ソフトバンク株式会社は、同社が提供するAI需要予測サービス「サキミル」において、飲食・小売業向けに「AI自動発注サービス」の提供を2026年3月30日より開始したと発表した。
「サキミル」は、店舗データ・商圏の人流データ・気象データを活用し、来店客数や売上、発注推奨値をAIで予測するサービスだ。

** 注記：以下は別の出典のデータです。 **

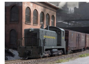
Declined industries II (2023)

Die Lok des Typs FP7 der Chicago, Burlington & Quincy Railroad stammt aus einer Kleinserie von Tillig. Der Caboose auf dem rechten Gleis ist von Lok-N-Roll. Für die virtuelle Umgebung wurde ein Screenshot der Gamerin Larah Johnson aus dem Computerspiel „Cyberpunk 2077“ verwendet.
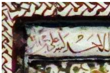
تصاویر ۸ و ۹. رقم علی بن محمد در کاشی‌های کنج مقبره. در تصویر سمت چپ، تاریخ خلق اثر مخدوش شده است.
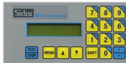
MINICOMPAX MC 211/ C
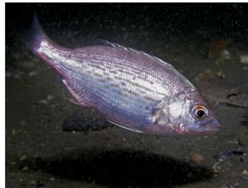
Ingesnoerd De binnenkant van de vrije-valboot, volledig in de gordels in een stoel.
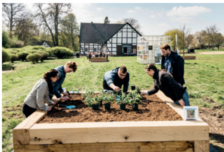
Hochbeete bieten den Wildbienen die passende Nahrung.
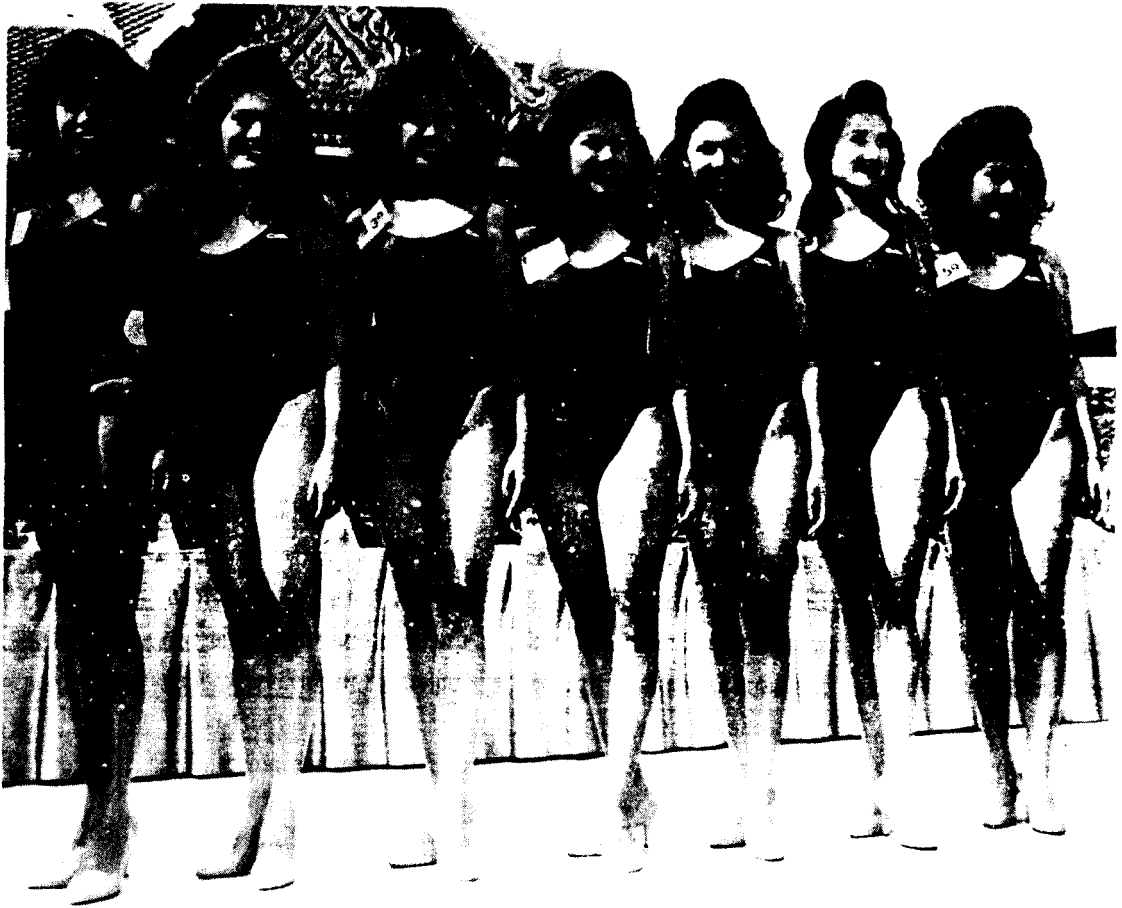
รูปที่ 9 ภาพชุดว่ายน้ำของผู้เข้าประกวดนางสาวไทย ปี 2537
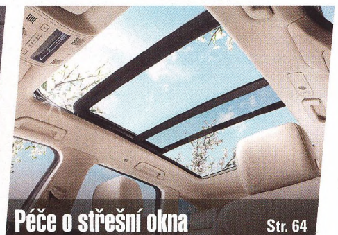
Péče o střešní okna

「サキミル」では、2022年より過去の来店客数や売上データと日本気象協会が保有する気象データを掛け合わせた需要予測サービスを提供してきた。
今回新たに提供されるAI自動発注サービスは、この高精度な予測データに過去の発注実績などのデータを統合することで、経験に頼っていた発注業務をデータ主導へと移行させ、在庫の最適化を実現するものだ。
具体的には、売上の変動予測に気象データや商品の価格などを加味し、最適な発注推奨値を自動で算出する。
同サービスは、現場での運用負担を抑えるための設計が特徴で、日々の棚卸入力を活用することで複雑な管理操作を不要としているほか、発注担当者はシステムが提示した発注推奨値を確認し、必要に応じて微調整を加えることで業務を完了させることができる。
さらに、既存の発注システムとの連携が可能であり、推奨値の確認から実際の発注手配までをシームレスに実行できる仕組みを備えている。これにより、日々の発注業務に組み込みやすく、現場へのスムーズな定着が図れる構成となっている。
ソフトバンクは今後、実用的なソリューションの提供を通じて飲食・小売業における店舗運営の最適化を支援し、業界全体の生産性向上に貢献していく方針だ。